## [WHAT IS BEING ASKED]
Given the entries that follow, write out exactly the lines starting at the one containing "而除了i9-9900T,另一" and ending at the one containing "物理类:2025年重庆医科大", both ends included, and only those.

## [INFORMATION GIVEN]
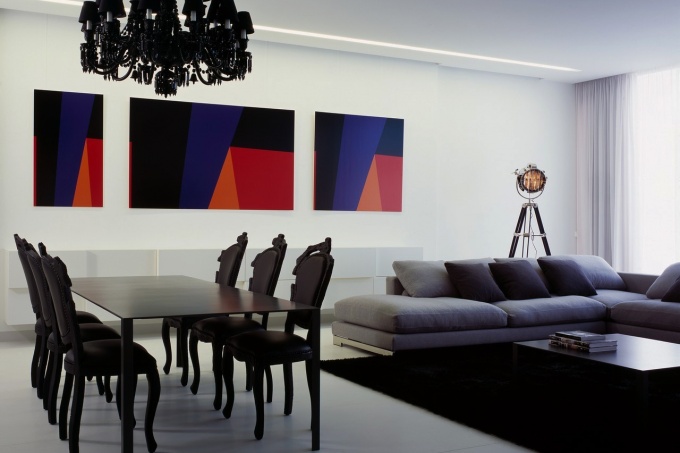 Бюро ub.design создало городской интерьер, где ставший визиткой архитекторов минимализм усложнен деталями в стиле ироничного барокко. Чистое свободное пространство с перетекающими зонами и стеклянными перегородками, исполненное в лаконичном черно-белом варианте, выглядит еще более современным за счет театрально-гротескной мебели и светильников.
* * *
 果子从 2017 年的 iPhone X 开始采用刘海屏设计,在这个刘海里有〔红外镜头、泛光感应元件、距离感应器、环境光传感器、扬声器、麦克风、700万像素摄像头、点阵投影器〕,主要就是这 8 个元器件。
==
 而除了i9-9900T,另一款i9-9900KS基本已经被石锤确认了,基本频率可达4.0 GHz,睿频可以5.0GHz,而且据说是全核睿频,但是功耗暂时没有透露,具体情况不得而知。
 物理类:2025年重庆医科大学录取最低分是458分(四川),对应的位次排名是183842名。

## [RESULT OF THE TASK]
 而除了i9-9900T,另一款i9-9900KS基本已经被石锤确认了,基本频率可达4.0 GHz,睿频可以5.0GHz,而且据说是全核睿频,但是功耗暂时没有透露,具体情况不得而知。
 物理类:2025年重庆医科大学录取最低分是458分(四川),对应的位次排名是183842名。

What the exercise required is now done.